Together with Rivlin, Collective Impact in 2015 launched a Jewish-Arab mentoring project headed by top level business people from both sectors of the population.

President Reuven Rivlin (photo credit: MARC ISRAEL SELLEM/THE JERUSALEM POST)
President Reuven Rivlin
(photo credit: MARC ISRAEL SELLEM/THE JERUSALEM POST)
The meeting taking place Monday between President Reuven Rivlin and the ever-widening circle of Collective Impact was scheduled before the enactment of the Nation State Law, and should not be regarded as a step to calm disgruntled Arabs.
For some years now, the country’s presidents have initiated programs to integrate educated Arabs into non-menial employment in the country’s workforce.
Special Knesset committees were formed to monitor and report on progress, and various organizations were established to encourage Israeli companies to give equal consideration to qualified Arabs.
President Moshe Katsav was the first president to host an Iftar dinner for Muslim religious and lay leaders. President Shimon Peres continued the annual Iftar tradition, as has President Reuven Rivlin. But Peres and Rivlin took the issue of Arab integration a step further.
In 2011, Peres hosted a meeting in Tel Aviv with presidents and CEOs of leading high tech companies. The outcome was the establishment of Maantech, which through its web-based portal amassed and recruited academically qualified Arabs and integrated them into Israel’s burgeoning high tech industry.
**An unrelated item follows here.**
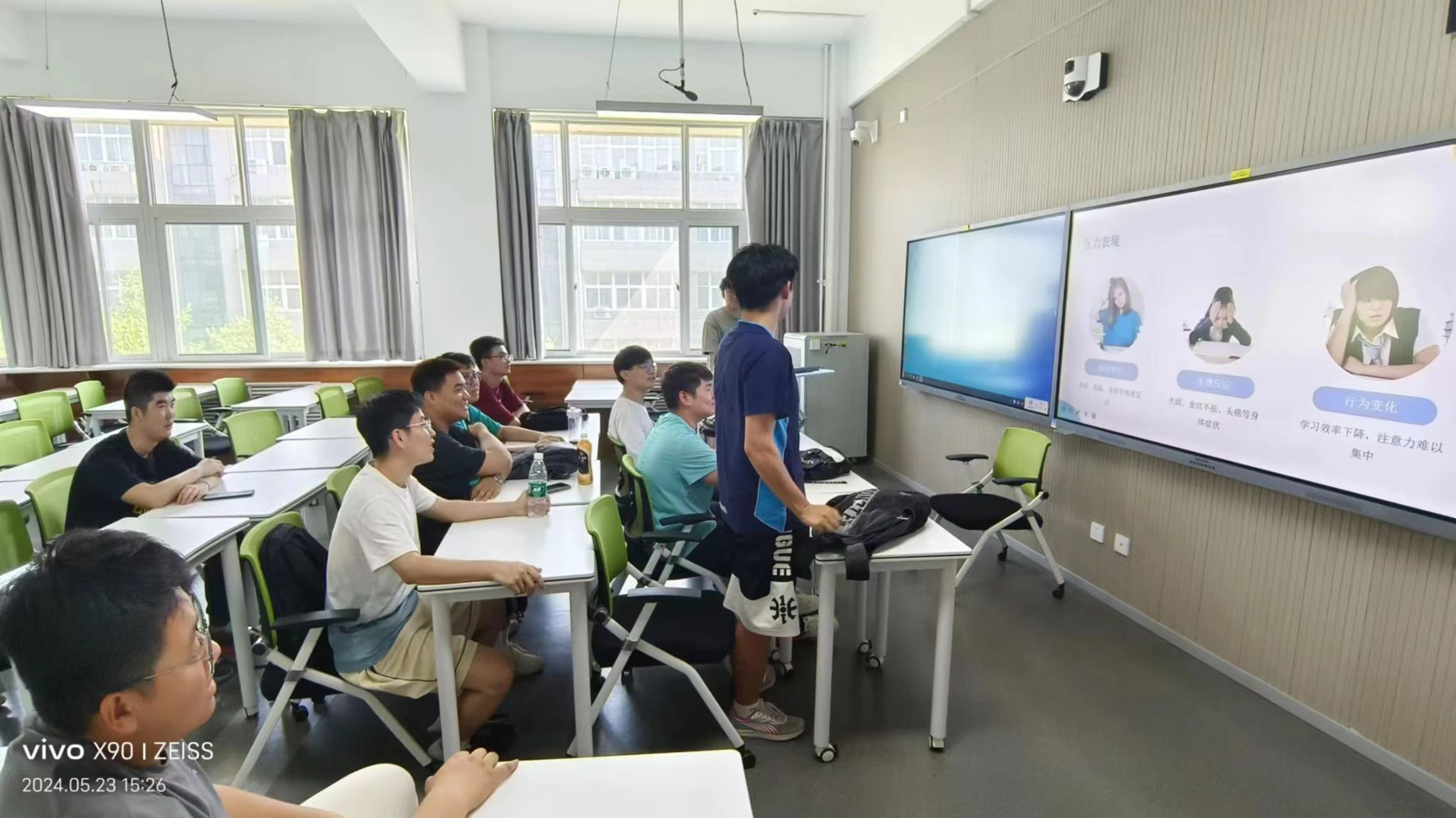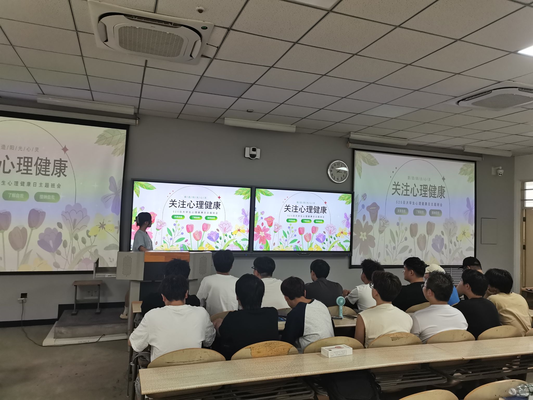 班会伊始,各班班级心理委员向同学们介绍了本次班会的目的和意义,强调了考试期间心理健康的重要性。考前焦虑是一种正常的心理反应,但过度焦虑则会影响考试发挥。同学们在备考过程中往往会面临各种压力和挑战,如焦虑、紧张、失眠等,这些心理问题不仅会影响考试成绩,还会对身心健康造成负面影响。因此,建议同学们在备考过程中保持良好的生活习惯和作息规律,合理安排复习时间,避免过度劳累和紧张。

Even before that, the late Dov Lautman, the founder of Delta, the textile company that became a giant manufacturer of undergarments, counted a high ratio of workers from all of Israel’s minorities among its hundreds of employees. All received the same rights and privileges as the company’s Jewish employees. But this was low-tech, not high-tech. In the 1980s, as head of the Israel Manufacturers Association, Lautman encouraged entrepreneurship amongst academically educated Arabs. In 2008, he was also in the forefront of Kav Mashve which found jobs for Arab university graduates in Israeli companies and provided them with the training they needed to become fully integrated.
Two years after Peres had his initial meting with the high-tech CEOs, with whom he continued to remain in contact, Creative Impact Israel was founded with the similar aim of integrating qualified Arabs into Israeli high tech companies. Together with Rivlin, Collective Impact in 2015 launched a Jewish-Arab mentoring project headed by top level businessmen from both sectors of the population.
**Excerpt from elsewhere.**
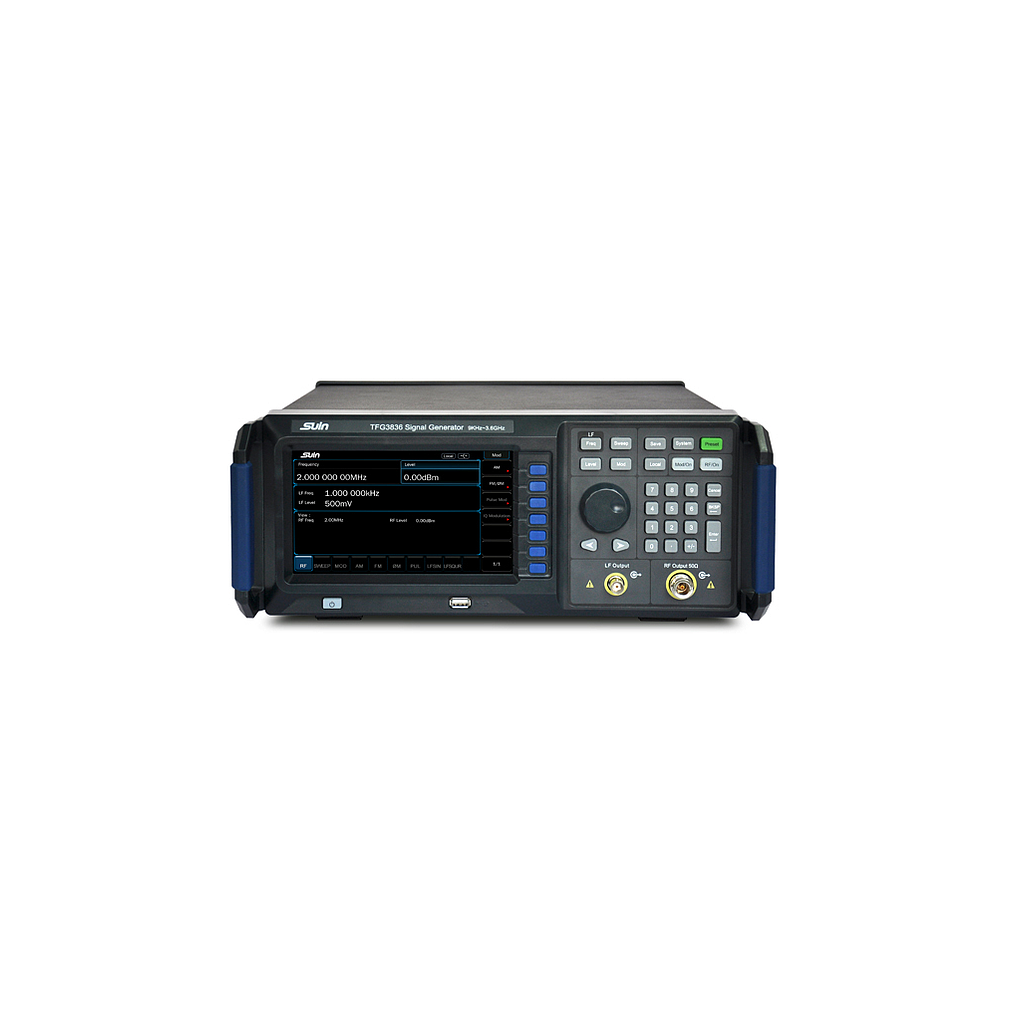 Suin’s TFG3836 RF signal generators have a frequency range from 9KHz to 3.6GHz. Except of normal analog modulation such as AM, FM and φM, it can also provide pulse modulation. In addition, sweep capability for frequency and power could also be supported.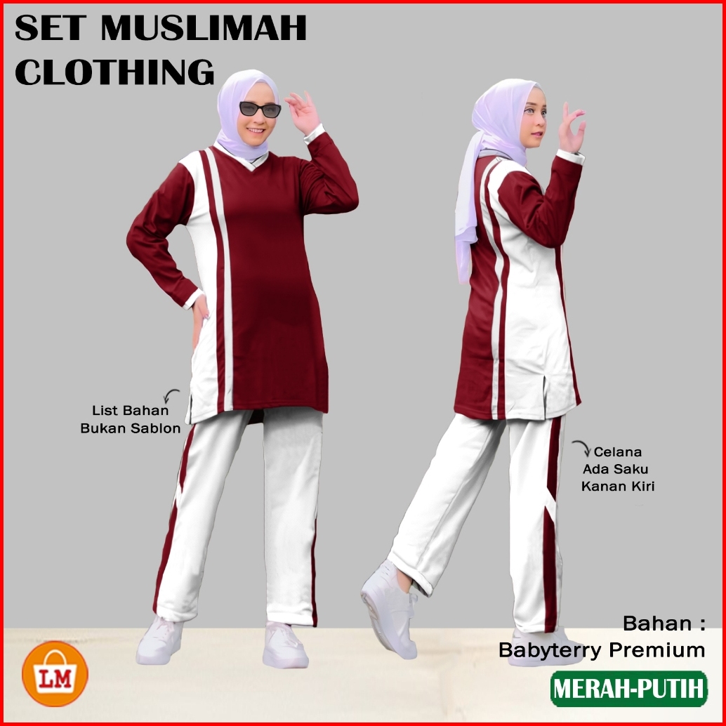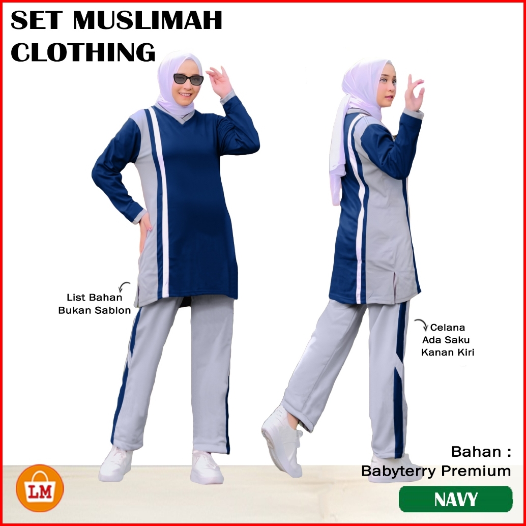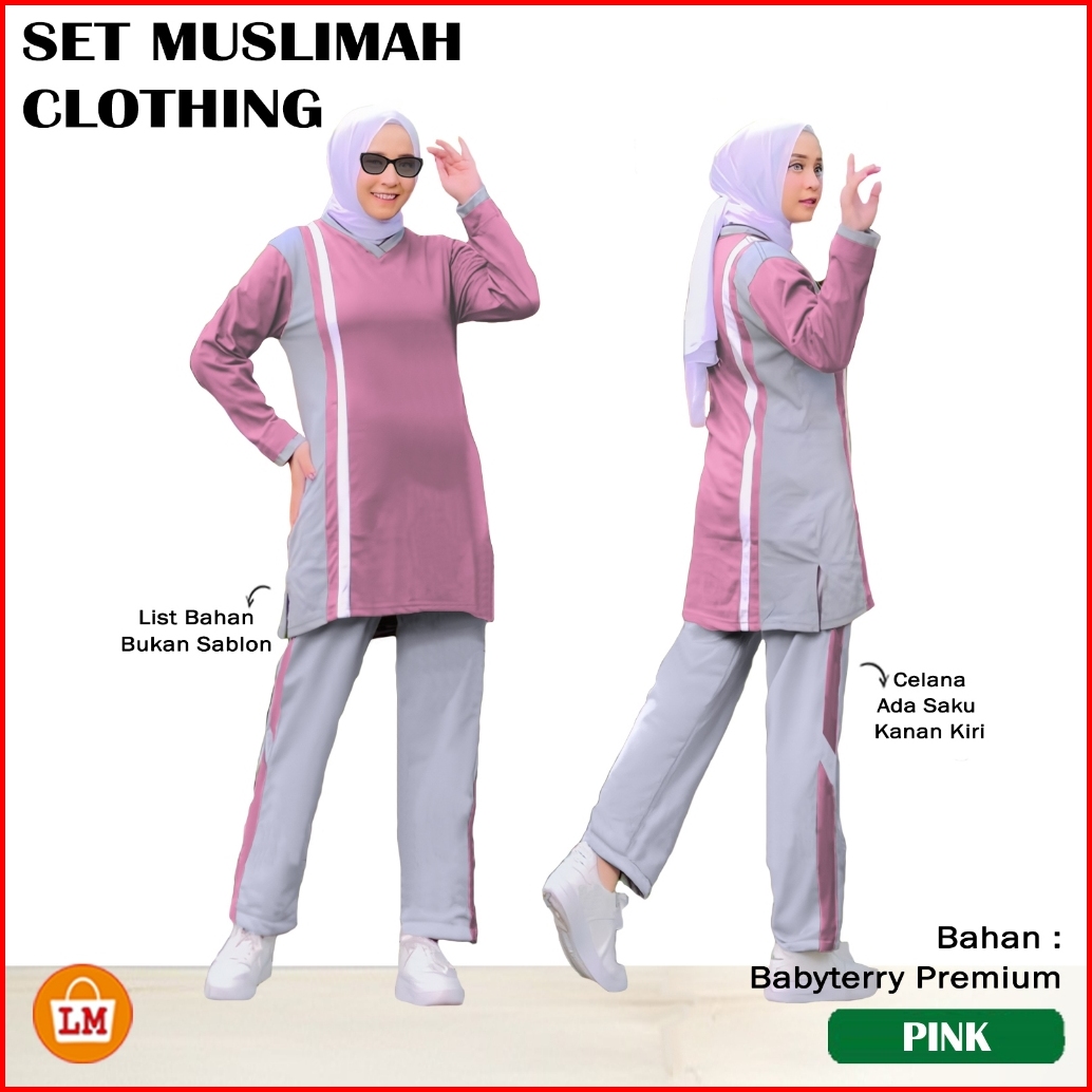 Set Muslimah Clothing Setelan Training Olahraga Wanita Muslimah Lengan Panjang Bahan Babyterry Size L Xl Xxl Xxxl Adem M

Additionally, there is an ongoing relationship between Collective Impact and Rivlin’s own Israel Hope project for integration of minorities. The mentors and mentees meet monthly to discuss problems and find solutions. In addition to this, Rivlin has expanded his annual Iftar banquet to include both Jewish and Arab CEOs so that they can network. He also invites Arab local council heads in order to keep up the momentum of social and business integration.
Monday’s meeting will take place in the Negev in the course of the Annual Conference of Collective Impact. CEOs of companies involved will present reports on the number of Arabs employed, the extent of their integration, their individual contributions to the company’s success and by extension to Israel’s economy.
Other participants will include Avi Cohen, director general of the Ministry for Social Equality; Mazen Gnaim, chairman of the Forum of Arab Mayors and Mayor of Sakhnin; Salim Abu Rabiya, head of the Kaseifa Local Council; Ilan Birnfeld, chairman Deloitte Israel; Harel Haikin, CEO of Coca Cola Israel; Shelly Landsman, Microsoft Israel General Manager; Eyal Malis, CEO Tnuva; and Yaniv Shirazi, CEO Strauss Water, along with many other leading Israeli industrialists.